Background: Peripartum cardiomyopathy is one form of life-threatening dilated cardiomyopathy which occurs in previously healthy women in the final months of pregnancy and up to 5 months after delivery. The etiology of peripartum cardiomyopathy remains poorly understood but inflammation or virus-mediated autoimmune reaction to myocardial cells was proposed to be involved in the pathogenesis of peripartum cardiomyopathy. Obstetric management for those parturients requires communication and careful planning between obstetrics, cardiology and anesthesiology.
Case presentation:The first case is a 22-year-old woman presented as gravida 1, para 0, at 38+4 weeks of gestation with the deterioration of dyspnea on exertion and palpitation over the past several days. According to TTE report from cardiac based echocardiography unit, there was a decline in systolic function manifested by overall global wall motion abnormality with EF only 28%. In the second case, A 44-year-old pregnant woman presented at the same hospital with progressing shortness of breath, chest pain and faintness which was diagnose peripartum cardiomyopathy also.

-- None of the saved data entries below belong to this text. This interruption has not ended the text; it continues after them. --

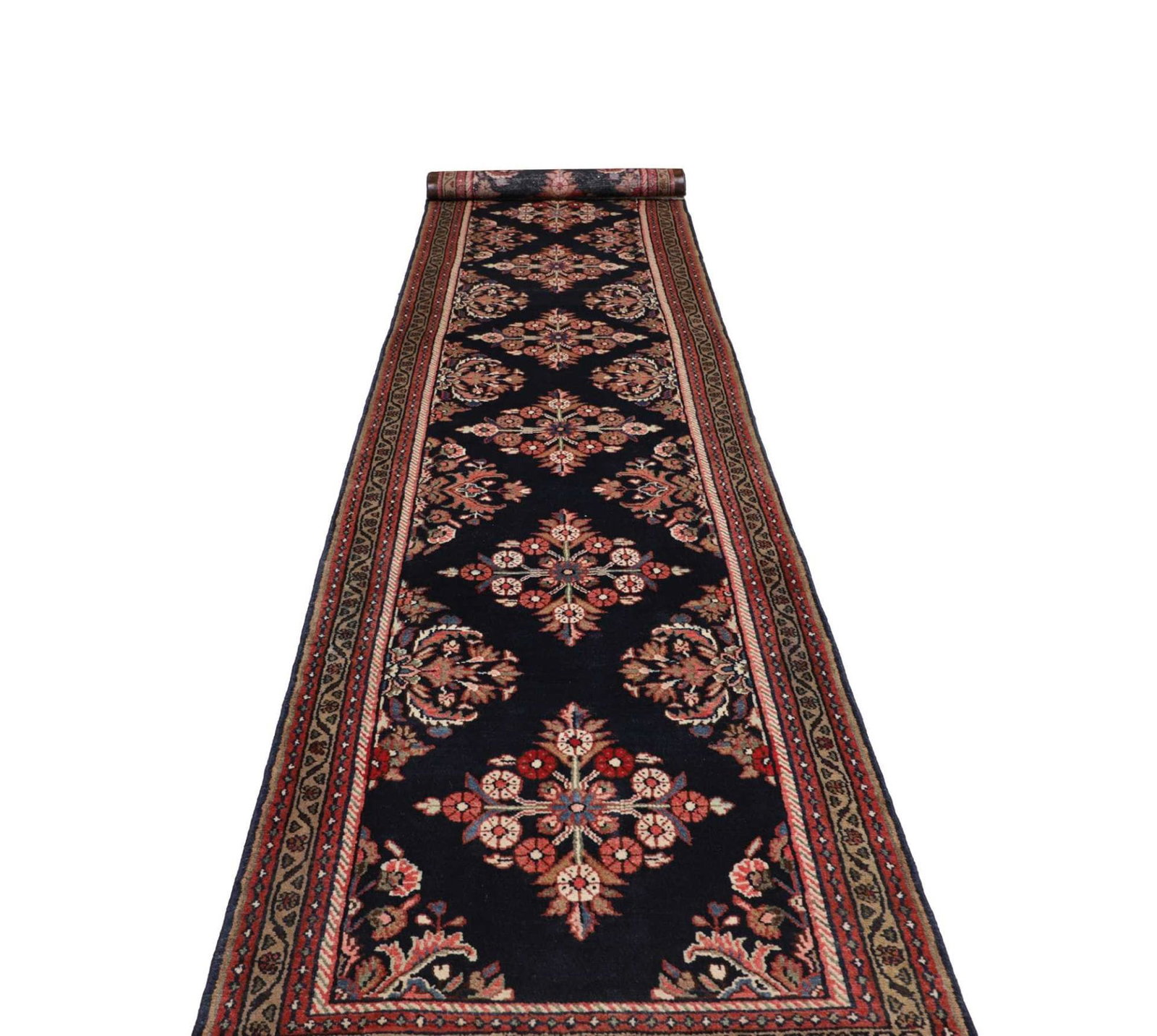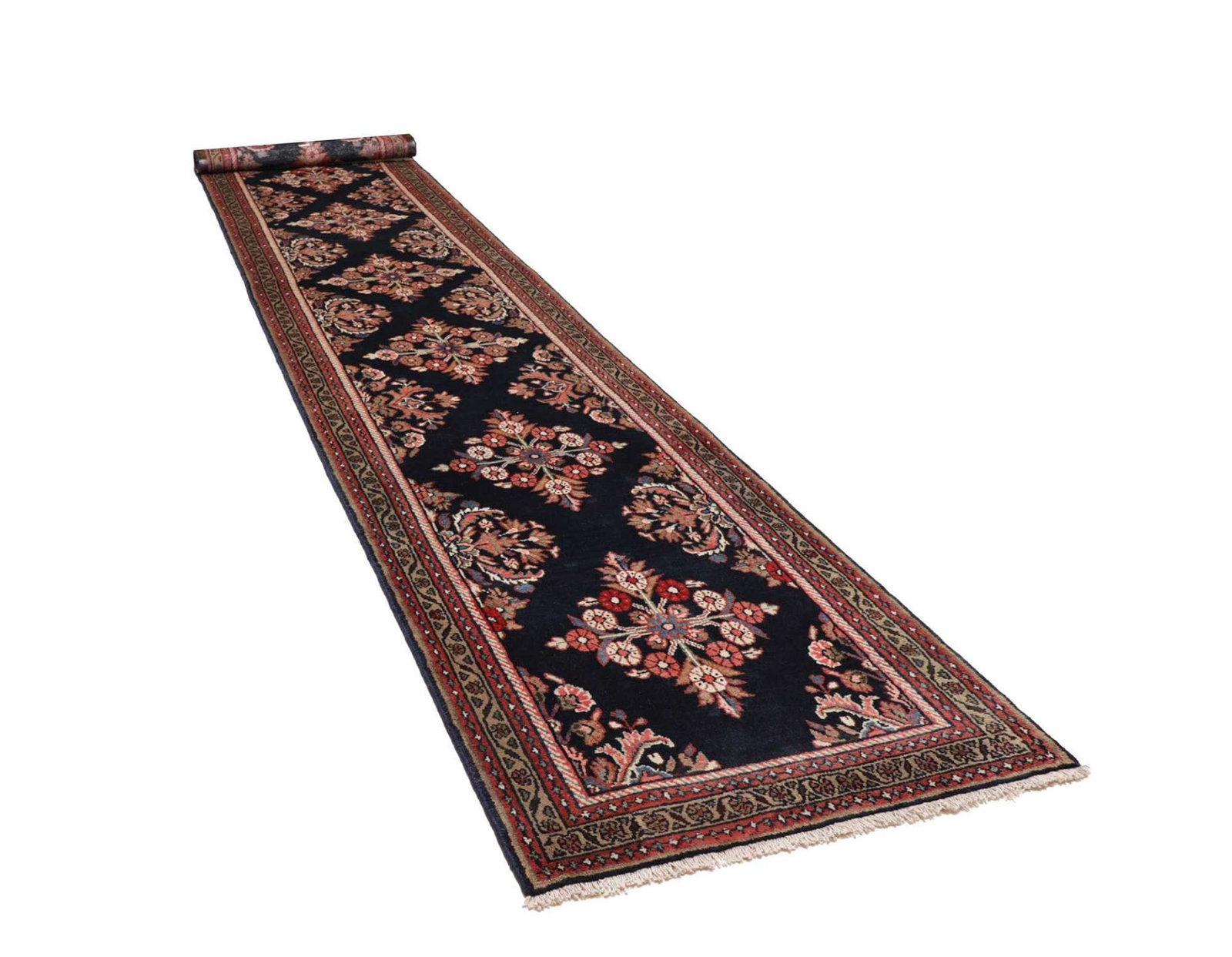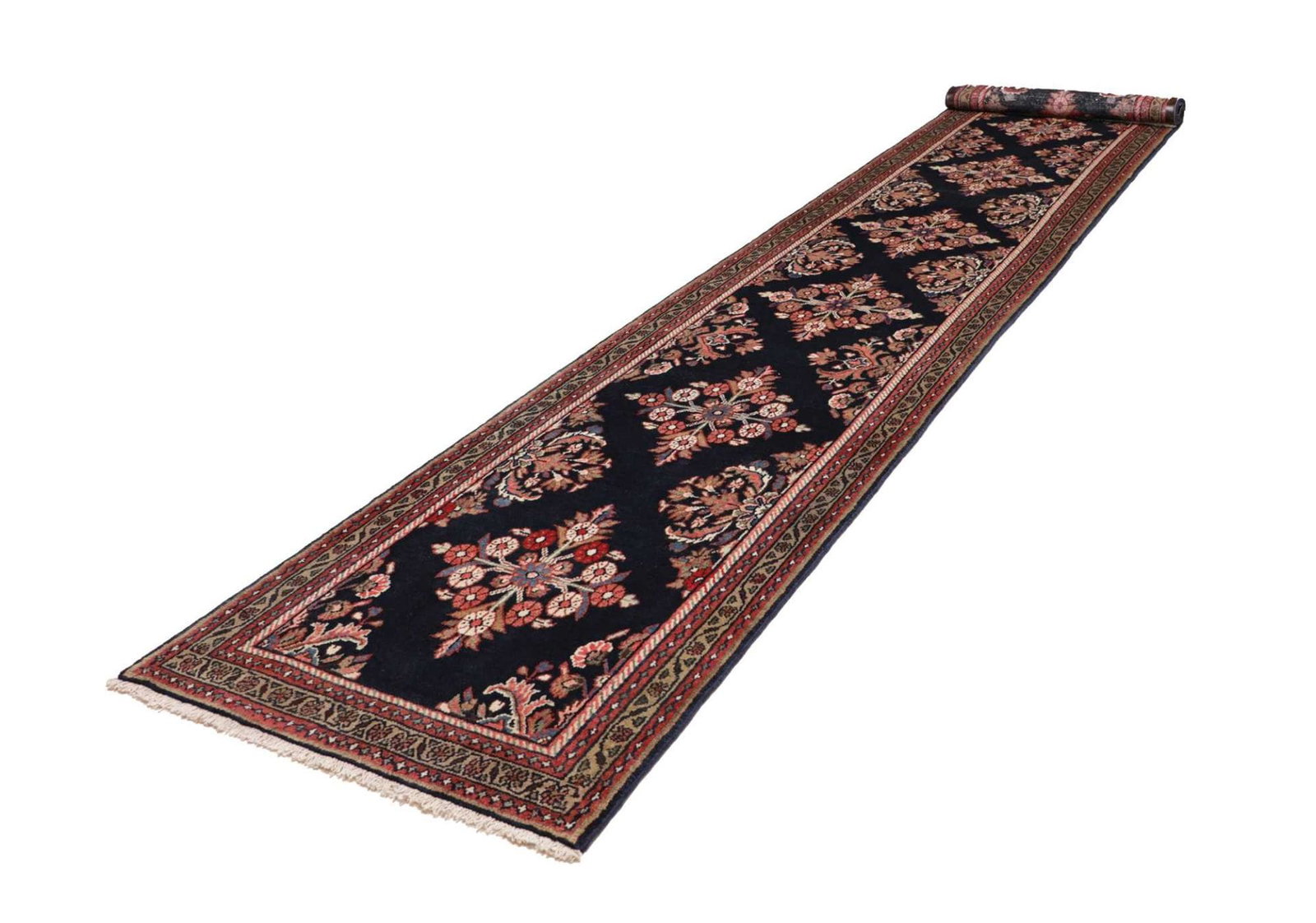 Hamadan Teppich 98 x 513 cm, Herati-Muster, Perserteppich handgeknüpft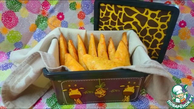 Смазала яйцом и выпекала в духовке при температуре 210` до золотистого цвета, примерно 15 минут.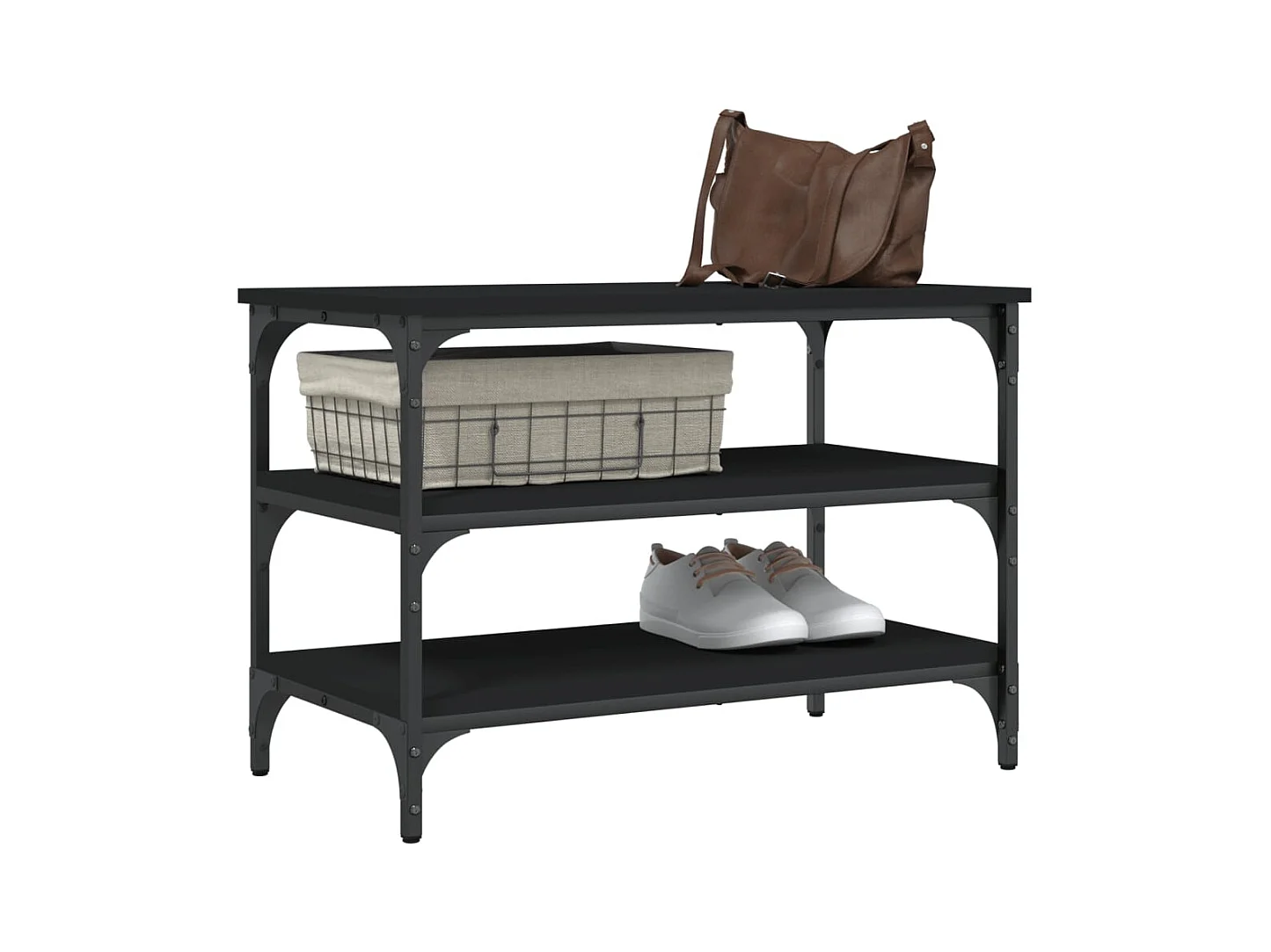 Banc à chaussures noir 82x32x45 cm bois d'ingénierie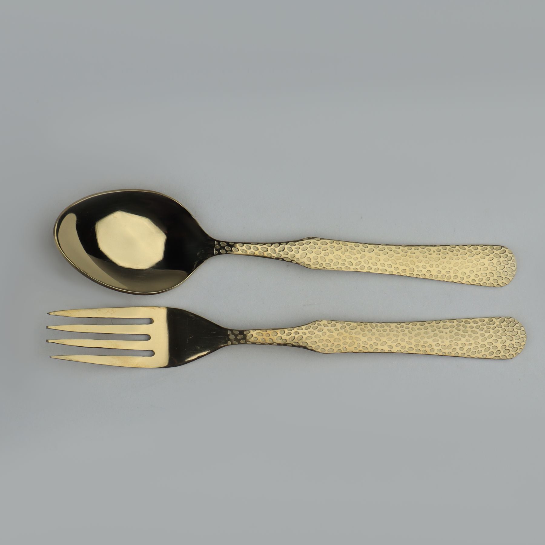 The Stainless Steel PVD Coated Cutlery Set with Stand from izna's collection features a unique hammer-shaped design, combining style with functionality. Crafted from high-quality stainless steel with a durable PVD coating, this set offers enhanced corrosion resistance and long-lasting shine. The included stand keeps your cutlery organized and easily accessible, perfect for both everyday use and special occasions. Its ergonomic design ensures comfortable handling, making dining a refined experience. Ideal for those who appreciate durability paired with modern aesthetics.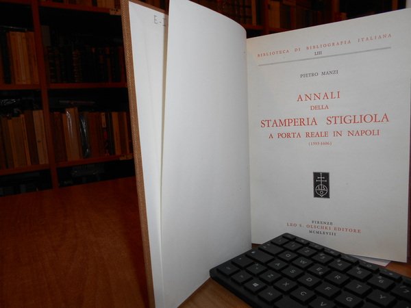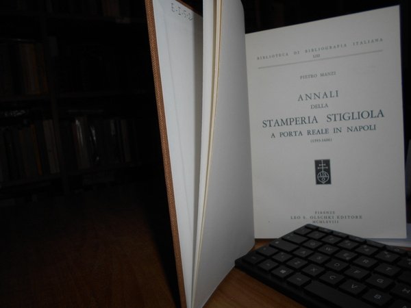 Manzi Pietro. Firenze, Leo S. Olschki Editore, 1968. ANNALI della Stamperia Stigliola a Porta Reale in Napoli (1593-1606). In-8°, tela con titoli in oro su doppio tassello al dorso. xv, 99, (1) pp. con numerose riproduzioni in 27 tavole fuori testo. Come nuovo in legatura recente con le copertine originali conservate. Uff. E - I - 5 - 2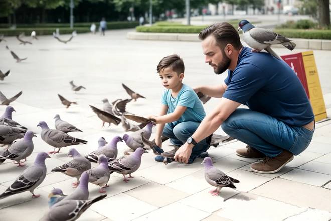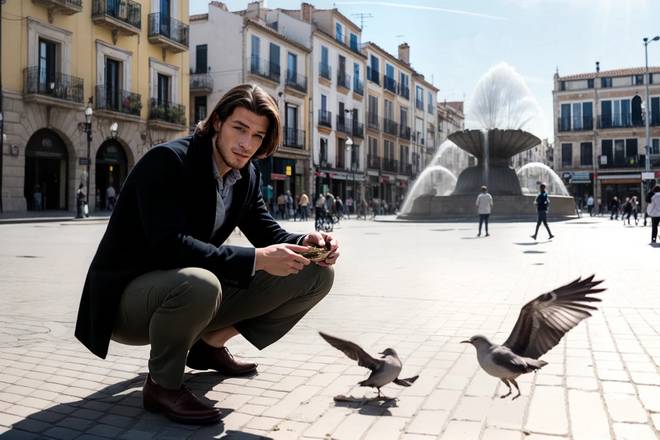 Highly realistic street photography: in the foreground, a young man in a suit feeds pigeons while squatting. Birds walk on the paved square. In the background a fountain is working in the square of a European city. Perfect face anatomy, ideal realistic hands and fingers, perfect human-like skin texture. Highly realistic texture of buildings, pavement, fountain water, and people’s figures. A composition with an energetic, unusual angle. Natural street light in the afternoon, after 5 p.m. , the indirect rays of the sun give a soft, but at the same time dynamic lighting of the picture. The long telephoto lens is mounted at a wide angle to create depth and a sense of perspective in the frame. Zoom in to show the man as the center of the shot: focus on his solitary figure. -ar 3:2, HQ, -testp,8k, -beta -beta -beta.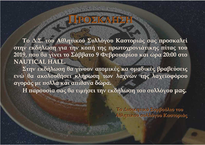 Ο Α.Σ. ΚΑΣΤΟΡΙΑΣ κόβει την βασιλόπιτά του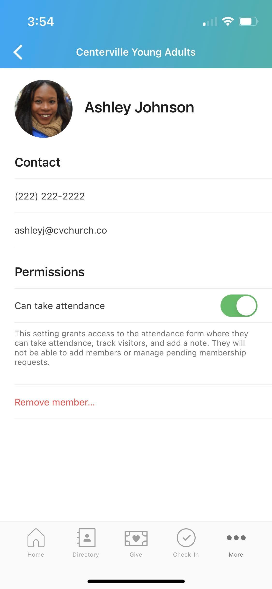 With the latest app update, your Leaders can assign any member they’d like to have the ability to take attendance.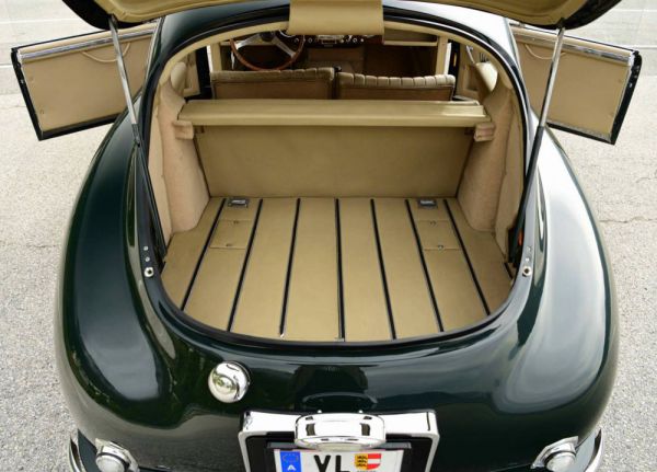 1954 Aston Martin DB2/4 Left Hand Drive Manual Coupe Registration: VL86A (Austrian) 435UYL (UK) Chassis Number: LML/733 Engine Number: VB6J/299 This stunning left hand drive DB2/4 was subject to a meticulous complete restoration in 2009. Every aspect of the car was removed and has been re finished to the highest of standards. It forms part of a prominent collection of high end perfect cars we have been tasked to sell in Austria where it may be viewed by prior appointment. The well-documented restoration file show the complete body shell being removed and every aspect of the chassis being brought back to the condition it left the factory in. The exterior has been finished in the original colour scheme of Deep Carriage Green and Beige interior. If you do not fall in love with the looks of this DB2/4 then simply turn the key and the roar of the beautifully W.O. Bentley designed straight 6 will win you over immediately. More recently the well-known and accredited Century Classics have maintained this DB2/4. With as view of entering the Mille Miglia they were given the task of checking and fixing every mechanical aspect of the car, this included: Cylinder head overhaul with fitment of the larger MK3 valves. Complete steering overhaul, including an uprated steering box. Complete brake overhaul with re-lined shoes. New wheel cylinder and re-built master cylinder. All new wheel bearings. Gearbox rebuild including new bearings, oil seals and clutch. Stronger DB4 style wheels fitted with new tyres. Renew Fuel pipes. Complete engine check including sump removal and big end bearings checked. All of the work carried out by Century Classics has made this a potentially Mille Miglia eligible and has an FIVA ID card, which is absolutely necessary for 1000 Miglia S.r.l. entry. Due the extensive maintenance work this DB2/4 must be one of the finest driving Aston’s on the road, starting first time, every time, the driving experience truly is sublime. The Aston Martin DB2/4 was launched from Feltham in October 1953 and was offered as a sporting 2+2 hatchback or an open Drophead Coupé. Although similar to the DB2 it replaced, changes included a smaller fuel tank, rear suspension upgrade, wraparound windscreen, larger bumpers, and repositioned headlights. A number of special bodied cars were also produced by Italian coachbuilders Carrozzeria Allemano, Bertone, and Vignale who were commissioned at special request by private clients. David Brown had purchased the Lagonda company a few years earlier, primarily to obtain the W.O.Bentley designed, double overhead camshaft straight six, which he wanted as a replacement for the aging Claude Hill four cylinder unit. He knew success in motorsport would benefit sales, and used the 2.6-litre, six-cylinder unit to power the works DB2s which were campaigned at Le Mans and across Europe throughout the early 1950s. The DB2/4 engine (VB6J) was initially tuned to 125bhp, propelling the car to 120mph and 0-60mph in 11.2 seconds. However, in the summer of 1954, the capacity was increased from 2,580cc to 2,992cc, which raised power to 140bhp at 5,000rpm and reduced the 0-60mph time to 10 seconds dead.

Conclusion:The application of point of care echocardiography might have a beneficial impact on the selection of anesthesia and maintaining the hemodynamic stability of the parturient with peripartum cardiomyopathy undergoing cesarean section. This paper reported two parturients suffering from peripartum cardiomyopathy with acute heart failure undergoing lower segmental cesarean section uneventfully throughout the perioperative period under the guidance of point of care transthoracic echocardiography.
Highlights• Intraoperative transthoracic echocardiography (TTE) plays an important role in identifying the undifferentiated causes of dyspnea of parturient with peripartum cardiomyopathy (PPCM), decision making on the anesthetic management and also evaluating the response to therapeutic intervention during the low segmental cesarean section (LSCS).• Point of care TTE was a useful tool to detect the global or segmental wall motion abnormality of left ventricle as well as right ventricle filling through utility of continuous noninvasive superficial echocardiography in parturients with PPCM undergoing LSCS.